用語目次:揚水量
収録水道用語解説
揚水量
「揚水量(ようすいりょう)」は、水や他の流体をポンプなどの機械を使用して上へ移動させる量を指します。水道や農業、工業などさまざまな用途で使用されるポンプや揚水装置によって、液体を低い場所から高い場所へ移動させることができます。揚水量は、時間あたりに移動される液体の容積を表す単位として表されます(通常はリットルや立方メートルなど)。揚水量は、次のような要因に影響を受けることがあります。
●ポンプの能力
使用するポンプや揚水装置の性能や仕様によって一度に移動できる液体の量が決まります。ポンプのタイプや出力が揚水量に影響します。
●揚程(揚げる高さ)
液体を上へ持ち上げる高さ(揚程)が増えるほど、揚水量が減少する傾向があります。液体を高い場所に移動させるためには、より多くのエネルギーが必要です。
●流体の性質
揚水する液体の性質(水や油、化学薬品など)や温度によっても揚水量に影響があります。特定の液体に適したポンプや設備が必要です。
●時間
揚水量は、一定の時間内に移動される液体の量として考えることができます。時間の経過によって移動する液体の量が増減します。

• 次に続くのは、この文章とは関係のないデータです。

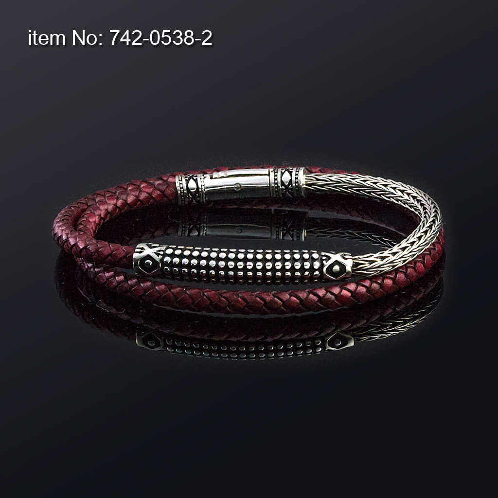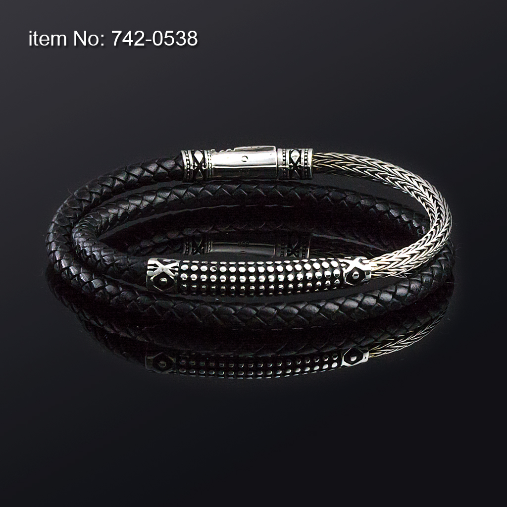 Ασημένιο διπλό βραχιόλι με μοτίφ αχινό, πλεχτή αλυσίδα και γνήσιο πλεχτό δέρμα

ポンプや揚水装置を選定する際には、必要な揚水量や揚程、液体の性質などを考慮して適切な機器を選ぶことが重要です。特定の用途や状況に合わせて適切な揚水装置を設置することで効率的な液体の移動を実現できます。
的確な揚水量についての考え方
的確な揚水量についての考え方は、必要な水量を無駄なく効率的に確保することを目的とし、水源の能力や用途に応じて適正な揚水量を設定することが基本となる。揚水量が不足していれば、給水先での利用に支障をきたすだけでなく、機器の過負荷や運転回数の増加による劣化を招くおそれがある。一方で過剰な揚水量は、無駄なエネルギー消費やポンプの空運転、圧力過多による設備の破損などを引き起こす可能性があるため、実際の使用状況に応じて適正な水量を見極めることが重要である。このためには、建物の規模や用途、水の使用パターン、使用時間帯、最大需要時の水量などを詳細に調査し、それらを基にして揚水ポンプの能力や運転条件を計画する必要がある。特に集合住宅や商業施設では、一時的に水の使用が集中する時間帯を想定したうえで、瞬間的なピーク需要にも対応できるよう揚水能力に余裕を持たせると同時に、無駄な揚水を避けるためにインバータ制御などを用いて運転を最適化する工夫も求められる。また、揚水先となる受水槽や高架水槽の容量や配置も揚水量に密接に関わるため、それらと一体での計画が必要であり、加えて水質の変化やポンプの経年劣化などを考慮し保守点検と定期的な見直しを行うことも重要である。さらに、非常時や断水時にも対応できるよう、必要最小限の揚水量と緊急用設備の整備も同時に検討することで安定した水供給を維持できる。したがって、的確な揚水量とは単なる数値の設定ではなく水利用の実態と設備全体のバランスを考慮したうえで運用と保守を含めて合理的に導き出すべきものである。